What are some examples of data CDPs?

I’d say Amperity, Treasure Data, ActionIQ – these are data CDPs. Simon Data is an example of a CDP that straddles data and orchestration.

Who are your biggest competitors and how do you differentiate?

Sometimes we compete with multichannel marketing hubs: Salesforce Marketing Cloud, Emarsys, Braze, Cheetah Digital. But we are the only one who does message orchestrations with ML and AI to prioritize customers in real time. We help brands get to hundreds of campaigns, messages and segments for different types of personas and customers. Ten or 20 segments is just not enough for real personalization.

How long does it take to onboard a new customer?

Typically, two to three months from the moment we sign, because we’re taking in all of their historical data, cleaning it, making sure it’s high quality, stitching it together from all sources and then building a predictive model for each of our customers.

What data sources do you most commonly connect?

Transactional data, including purchase history, ecommerce data, point of sale, catalog data, web and app data, pages visited, buttons clicked, articles read and behavioral data. We also bring in customer service data, including tickets from Zendesk. If a customer was upset last night, it’s probably not a good idea to send them a campaign in the morning.

And sometimes you can enrich the data with third-party systems, like Acxiom, but from my experience, this data is typically expensive, often not super accurate and I haven’t seen many cases where it’s brought a lot of ROI.

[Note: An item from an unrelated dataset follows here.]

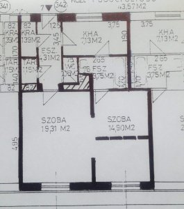 A lakás eredetileg 2 szobás volt, a 14,9 négyzetméteres szobát gipszkarton fallal 2 félszobává alakították.

You acquired a real-time event streaming company called Axonite in February. What does it help you do?

Having a real-time decision layer that’s constantly thinking about the best message a customer should get at any given moment requires real-time context.

Axonite has a very sophisticated machine that looks at how customers move between different states. Our philosophy is to match batch processing of historical data with real-time data so that we have a hybrid approach.

What’s the most disjointed customer service/marketing experience you’ve gone through personally that could have been avoided if the brand had a better handle on its data?

This was about four years ago. I was new to NYC and living in Brooklyn. It was a hot day and I wanted to go to the beach. I ordered a Zipcar, went to the lot – and the car wasn’t there. I called, they apologized and told me to walk to another lot, but my car wasn’t there either. I had a reservation and there was a parking lot full of other Zipcars, but I could take any of them because they were reserved for other people.

Four calls with customer service and an hour later I go back home upset. The next day I got an email from Zipcar with the subject line: “Your first Ziptrip – the one you always remember.” They’d probably built a static journey into their system that said, the day after the first ride, send this email.

Well, they were right, I definitely remember it.

This interview has been edited and condensed.